Johannes Maccovius, also known as
Jan Makowsky, was a
Polish Reformed theologian. He was born at
Lobzenica,
Poland in 1588 and died at
Franeker, the
Netherlands on
June 24,
1644. He was married three times, his first wife was Antje van Uylenburgh, a sister of
Saskia van Uylenburg. In 1634, at the time
Rembrandt married Saskia, she helped out her brother-in-law, after his wife died.
After visiting various universities (in 1607 in Danzig) and as the tutor of young Polish nobles, holding disputations with
Jesuits and
Socinians, Maccovius entered into the
University of Franeker in 1613. There he became
privat-docent in 1614 and professor of theology in 1615. In later years, the fame of Maccovius attracted many students to Franeker.

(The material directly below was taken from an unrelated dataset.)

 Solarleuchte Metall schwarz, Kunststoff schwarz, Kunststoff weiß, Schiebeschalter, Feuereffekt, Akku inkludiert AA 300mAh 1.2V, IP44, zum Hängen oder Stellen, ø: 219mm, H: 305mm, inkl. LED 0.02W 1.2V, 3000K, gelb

Theologically, Maccovius was a
Calvinist, of the
supralapsarian school, and possessed
theses of a corresponding nature, defended in 1616 by one of his pupils, involved him in a controversy with his colleague
Sibrandus Lubbertus which was settled only by the
Synod of Dort in 1619. The synod, while neither approving or condemning his supralapsarianism, acquitted Maccovius of the charges of
heresy brought against him, but advised him to be more cautious and peaceable.

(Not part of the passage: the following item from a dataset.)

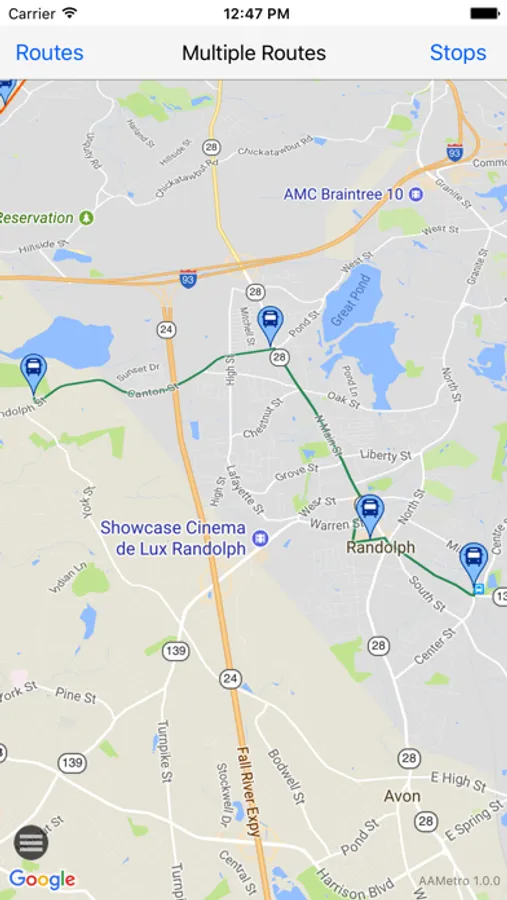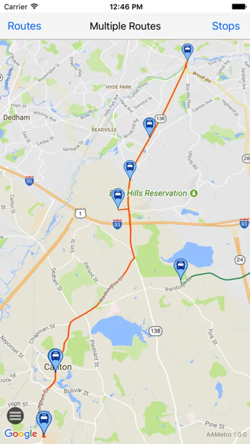 - Interactive map shows location of user, nearby stops and real-time location of shuttles.

Nevertheless, he became involved in another controversy at Dort with his subsequent colleague
William Ames by asserting that all things that must be believed are not necessarily true, that no impulse toward regeneration and effecting it exists in the unregenerate, and that Christ is the object of faith
because of whom, but not
in whom, man must believe.
Maccovius' theory of
Scripture was very free, and he distinguished sharply between scholarship and beliefs essential to salvation.